# peptides, gh gut?



## Boxerjl2 (Sep 4, 2011)

So I alway hear about bbrs have bigger guts cuz of the gh, is this just from synthtic gh or cud these peps have the same effect??


----------



## sofargone561 (Sep 4, 2011)

i hope not! i wanna grab som peptides for after my cycle unless its gunna gimme an ol gut!


----------



## carmineb (Sep 4, 2011)

read up on IGF-1 peptide and basically it was suggested to keep it down in teh 25 mg range??  this way most or all of it is used up locally....  since igf-1 receptors are found plentiful in the gut as well as in muscle, you dont want to overdo it, best take less and know it all is being used than try to maximize what your body may or may not need and end up activating the wrong receptors.

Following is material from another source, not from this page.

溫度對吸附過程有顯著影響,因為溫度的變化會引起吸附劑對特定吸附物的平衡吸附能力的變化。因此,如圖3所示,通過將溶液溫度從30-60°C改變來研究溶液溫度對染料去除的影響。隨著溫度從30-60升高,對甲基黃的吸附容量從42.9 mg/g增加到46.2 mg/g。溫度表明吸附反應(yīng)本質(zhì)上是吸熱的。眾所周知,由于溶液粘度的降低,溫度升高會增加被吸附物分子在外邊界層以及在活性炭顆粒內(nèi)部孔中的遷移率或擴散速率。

that was teh summation of several articles I have read on it....  less is more but do it.


----------



## SwoleZilla (Sep 4, 2011)

carmineb said:


> read up on IGF-1 peptide and basically it was suggested to keep it down in teh 25 mg range??  this way most or all of it is used up locally....  since igf-1 receptors are found plentiful in the gut as well as in muscle, you dont want to overdo it, best take less and know it all is being used than try to maximize what your body may or may not need and end up activating the wrong receptors.
> 
> that was teh summation of several articles I have read on it....  less is more but do it.

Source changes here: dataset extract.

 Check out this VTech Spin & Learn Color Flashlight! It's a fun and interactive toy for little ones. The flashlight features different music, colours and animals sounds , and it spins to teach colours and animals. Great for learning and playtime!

what about DES tho? since its short acting

does it still have that effect


----------



## Boxerjl2 (Sep 4, 2011)

So ur satin ghrp and cjc will cause gh  gut, and u can take igf to counteract it


----------



## Boxerjl2 (Sep 4, 2011)

Cuz if so, I donn understand why ppl would want to do it,  from what I can tell the gains if any are very minimal, and not worth a bloated gut


----------



## pieguy (Sep 4, 2011)

Always thot gh gut was also caused by the insulin u take as well. Is it really only the gh at high dose which causes
It?


----------



## sofargone561 (Sep 5, 2011)

what if u just take ghrp and not igf will this still happen?


----------



## Thresh (Sep 5, 2011)

I don't think there's any proof gh gut actually exists, I remember reading articles about this somewhere. You also have to remember they have unnaturally large abs for there body size, that ab muscle has to go somewhere when it's that large, that direction is outward.


----------



## carmineb (Sep 5, 2011)

sofargone561 said:


> what if u just take ghrp and not igf will this still happen?


 

from the little I know, it is when Ghg interacts with insulin, you get IGF's and a chance for bloated gut (i said chance)....  it isnt G that does it alone.


----------



## Boxerjl2 (Sep 5, 2011)

I heard from somewere (don't remember exactly) that its from your internal organs growing from the gh and since there's not were else to go they push out your stomach... just what I heard but that's from the real synth hgh, so it made me wonder if the gh raising peptides might do the same


----------



## sofargone561 (Sep 5, 2011)

carmineb said:


> from the little I know, it is when Ghg interacts with insulin, you get IGF's and a chance for bloated gut (i said chance).... it isnt G that does it alone.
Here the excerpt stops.